Question

A ball impinges directly on another ball at rest. The first ball is brought to rest by the impact. If half of the kinetic energy is lost by the impact, the value of the coefficient of the restitution is:
$(a)\dfrac{1}{2} \\\ (b)\dfrac{1}{{\sqrt 3 }} \\\ (c)\dfrac{1}{{\sqrt 2 }} \\\ (d)\dfrac{{\sqrt 3 }}{2} \\\$

Answer 1

- Hint: In this question consider two scenarios: the first one before the collision and the second one after the collision. Apply the concept of conservation of linear momentum using the fact that momentum is nothing but the product of mass and the velocity. The coefficient of restitution (e) is the magnitude of the ratio of difference of velocity after collision to before collision and the energy lost $\left( {\Delta E} \right)$ is the difference of initial kinetic energy and the final kinetic energy. This will help approaching the problem.

Complete step-by-step solution -

Given data:
Let the initial velocity of the first ball be u m/s.
Strikes another ball which is at rest.
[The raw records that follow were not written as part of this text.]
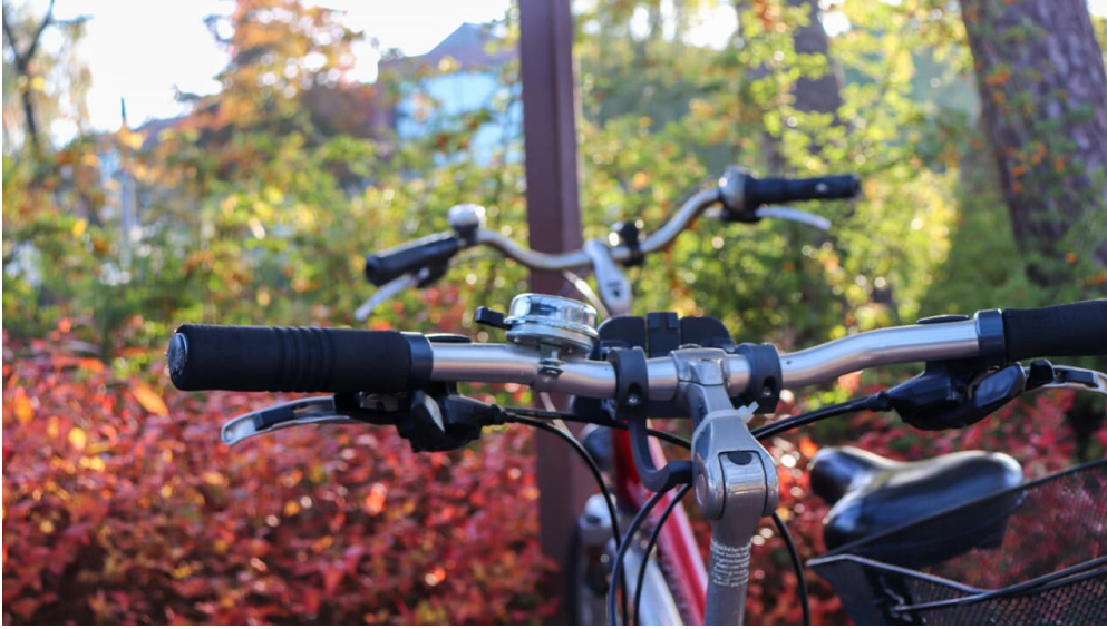
Fahrrad in Schloß Holte-Stukenbrock
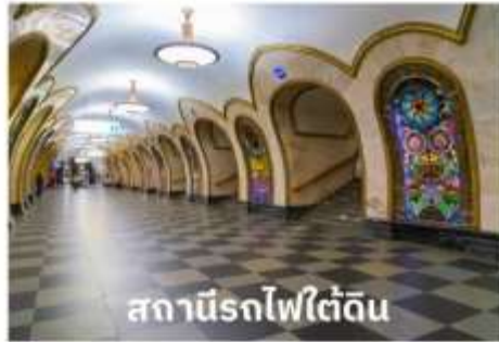
สถานีรถไฟใต้ดิน

บริการอาหารเช้า ณ ห้องอาหารของโรงแรม นำท่านเที่ยวชม สถานีรถไฟใต้ดิน ที่ใครมามอสโกจะต้องได้ลองนั่งรถไฟใต้ดินดูสักครั้ง
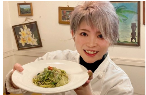
大葉パスタを開発した柿下社長(シェフ)
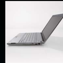
ノートパソコン Portege R500 レッドドットデザイン賞
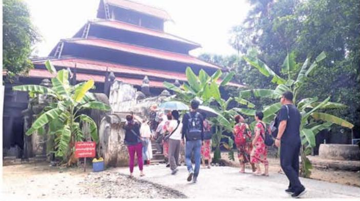
ပန်းမောက်မြို့နယ်၌ မိုးစပါးများ စိုက်ပျိုးရန် လယ်ယာမြေများကို ထွန်ယက်

ဗန်းမောက် ဇွန် ၃၀ စစ်ကိုင်းတိုင်းဒေသကြီး၊ ကသာခရိုင်၊ ဗန်းမောက်မြို့နယ် တွင် မြို့အနီးအနားပတ်ဝန်းကျင် ရှိ လယ်ယာမြေများနှင့် ကျေးလက် ဒေသအချို့ရှိ လယ်ယာမြေများ ကို ယခုအခါ မိုးစပါးများ စိုက် ပျိုးရန် ထွန်ယက်နေကြပြီ ဖြစ် သည်။ ယခုနှစ် မေလအတွင်းနှင့် ဇွန်လပထမပတ်အတွင်းမှစ၍ ရွာသွန်းခဲ့သောမိုးကြောင့် လယ် ယာမြေများတွင် ရေများ အလုံ အလောက်ရှိလာခဲ့သဖြင့် မိုး စပါးပျိုးများကို ကဆုန်လပြည့် ကျော်တွင် ကြပ်ကဲပြီး ယခုအခါ ပျိုးသက်ရှိလာပြီဖြစ်၍ စိုက်ပျိုး ရန်အတွက် လယ်ယာမြေများကို ထွန်စက်များ၊ နွားများနှင့် ကျွဲ များကို အသုံးပြုထွန်ယက်ကာ တစ်ရက်လျှင် ထွန်စက်ဖြင့် ထွန်
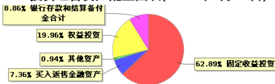
投资组合资产配置图表(2022年6月30日)

● 固定收益投资 ● 买入返售金融资产 ● 其他资产 ● 权益投资 ● 银行存款和结算备付金合计
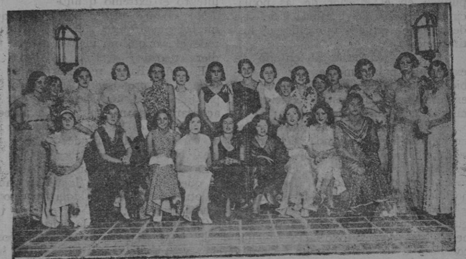
Señoritas que han concurrido al concurso del traje de cuatro pesetas organizado por la popular revista «Fstampa» del que se ocupaba nuestro compañero Sr. Bauzá en la edición de ayer

After collision the first ball comes at rest so the final velocity (v) of the first ball becomes zero (0) and the second ball gains some velocity.
Let the initial velocity of the second ball be v m/s.
So according to conservation of momentum we have,
As momentum is the product of mass and velocity.
Let the mass of the first ball be ${m_1}$ and the mass of the second ball be ${m_2}$
Therefore,
$\Rightarrow {m_1}.u + {m_2}\left( 0 \right) = {m_1}\left( 0 \right) + {m_2}\left( v \right)$
$\Rightarrow u{m_1} = v{m_2}$................... (1)
Now the coefficient of restitution (e) is the magnitude of the ratio of difference of velocity after collision to before collision therefore,
$\Rightarrow e = \left| {\dfrac{{0 - v}}{{u - 0}}} \right|$
Now simplify this we have,
$\Rightarrow e = \dfrac{v}{u}$..................... (2)
Now the initial kinetic energy of the ball is,
$\Rightarrow {\left( {K.E} \right)_{ini}} = \dfrac{1}{2}{m_1}{u^2}$
And the final kinetic energy of the ball is
$\Rightarrow {\left( {K.E} \right)_{final}} = \dfrac{1}{2}{m_2}{v^2}$
Now energy lost $\left( {\Delta E} \right)$ is the difference of initial kinetic energy and the final kinetic energy.
$\Rightarrow \Delta E = \dfrac{1}{2}{m_1}{u^2} - \dfrac{1}{2}{m_2}{v^2}$............ (3)
Now it is given that half of the kinetic energy is lost during impact.
$\Rightarrow \Delta E = \dfrac{1}{2}{\left( {K.E} \right)_{ini}}$
$\Rightarrow \Delta E = \dfrac{1}{2}\left( {\dfrac{1}{2}{m_1}{u^2}} \right)$........... (4)
Now by equation (3) and (4) we have,
$\Rightarrow \dfrac{1}{2}\left( {\dfrac{1}{2}{m_1}{u^2}} \right) = \dfrac{1}{2}{m_1}{u^2} - \dfrac{1}{2}{m_2}{v^2}$
Now simplify this we have,
$\Rightarrow \dfrac{1}{4}{m_1}{u^2} = \dfrac{1}{2}{m_1}{u^2} - \dfrac{1}{2}{m_2}{v^2}$
$\Rightarrow \dfrac{1}{2}{m_1}{u^2} - \dfrac{1}{4}{m_1}{u^2} = \dfrac{1}{2}{m_2}{v^2}$
$\Rightarrow \dfrac{1}{4}{m_1}{u^2} = \dfrac{1}{2}{m_2}{v^2}$.................. (5)
Now from equation (1) we have,
$\Rightarrow {m_1} = \dfrac{v}{u}{m_2}$
Substitute this value in equation (5) we have,
$\Rightarrow \dfrac{1}{4}\left( {\dfrac{v}{u}{m_2}} \right){u^2} = \dfrac{1}{2}{m_2}{v^2}$
$\Rightarrow \dfrac{1}{2}u = v$
$\Rightarrow \dfrac{v}{u} = \dfrac{1}{2}$............. (6)
Now from equation (2) and (6) we have,
$\Rightarrow e = \dfrac{1}{2}$
So this is the required coefficient of restitution.
Hence option (A) is the correct answer.

Note – The above shown scenario is not that one of perfectly inelastic collision as in that case the body tends to stick together and move with a combined velocity, whenever we see a problem stating the bodies stick together after the collision, directly think of perfectly inelastic collision and the coefficient of restitution can directly be marked as 0 in that case, but however not in this case.